The Great American Novel, or just read The Great Gatsby

David Ulin offers a rebuttal to Lawrence Buell salon piece over the idea of the Great American Novel.  I get what Ulin is saying, but I’m not sure I agree with the reality of it. Celebrating our differences, embracing multiculturalism, and appreciating that the backgrounds and experiences of everyone in our society are diverse  and wide-ranging  are all true, good, earnest, whatever things.  I’m not knocking them. At the same time, I think there are some things that sit at the foundation of all our lives. All of us want some level of professional success that provides for a relatively stable life. How each of us defines stable and success might be different, but I think the majority of us want to achieve that for ourselves. We want to be productive. We want to accomplish something. We want to make connections with people. Big, broad things. For me, the Great American Novel tries to find how those things work in America, how we try to blend them together, how our ideas of accomplishment, stability, family, etc. is unique from Japan or France or India. Not better, but different. And I think this changes over time. If we want to say Huck Finn was a Great America Novel, it was great for the time it came out, the time it encapsulated, and the life it represented. Is it the Great American Novel of the “Now?” No, I don’t think so, despite it still staying something to us today about how we interact with each other and how we confront race.

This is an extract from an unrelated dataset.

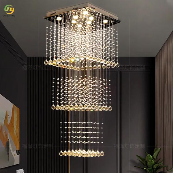 JYLIGHTING Living Room square Crystal Large Chandelier Home Staircase Crystal Chandelier Hotel Villa Modern Long LED Ceiling Light Images |
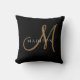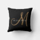 Fancy Stylish Black and Gold Monogram Script Throw Pillow

The one book that stands out, for me, is The Great Gatsby. A novel of one character recklessly charging towards wealth and status in the hopes of finding love, only to be confronted with the hollow vacuousness of those he pursues and to eventually find his own death. All witnessed by the midwestern everyman who steps back at the end, sees the horror of it, and retreats to the heartland. It is an aspect of society I think we’ve seen repeated over and over again, in various forms from westerns to mafia movies to wallstreet.  It speaks to an idea of balance in success, weighing the costs of professional/material success versus the damage we do to ourselves in many intangible ways.

I think to dismiss the idea of the Great American Novel solely because we are a nation of differences (superficial and otherwise) or that people tend to drift towards White Guys being the recipe for the Great American Novel is a bit too careless. In an effort to dismiss the idea, it falls into a similar trap as those trying to aggressively sell the idea. Instead, the idea of the Great American Novel is something that should be explored, and that difference cultures in the United States should attempt to appropriate for themselves. While I think there are aspects of The Great Gatsby that transcends boundaries, I think the same could be said for Ralph Ellison’s The Invisible Man. Instead of dismissing the Great American Novel because of our differences, we should use it to illustrate the unity in those differences.